Friday, December 13, 2013

until now

This is hard for me to say, but I have struggled bonding with my sweet little Ryder. As soon as I had Quincy I was obsessed with her. I can’t say that about Ryder and it makes me so sad. It has been a process. No one tells you what it’s like to have children after you have lost one. And everyone is different. I have friends who are obsessed with their babies born after child loss, but I have not been. I hate it. It’s so difficult to look at your sweet innocent child and long for another.

Ryder is so different than Quincy in so many ways. My heart aches so badly for her and I have let that get in the way of bonding with Ryder. I am hurting and I am so afraid to love that intesely again. I’m so scared to let my wall down. To love unconditionally. It has bothered me so much that I haven’t been able to find that connection with my own son.

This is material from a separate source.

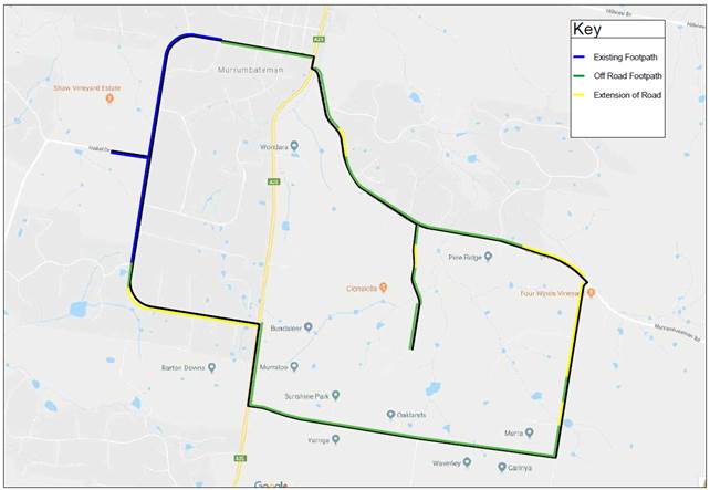 The project will deliver the construction of 12.71 kms of standalone footpaths and extension of road shoulders that will connect the village of Murrumbateman including retail and accommodation outlets with seven cellar doors providing much needed tourism infrastructure that will remain available for the local community use 365 days PA.

Until now. The last couple week I have become obsessed. I cannot wait to get home from work to hug and cuddle my buddy. I cannot wait to get up in the morning and hear his little squeal. I love to dress him, change him, bath him and take him everywhere, show him off. It feels so wonderful to feel these things once again. I have been waiting so long to feel this connection. The connection a mother and a child should have.

I need it. He needs it.

1 comment:

The Hebbs said...

Love that little boy!! and love you.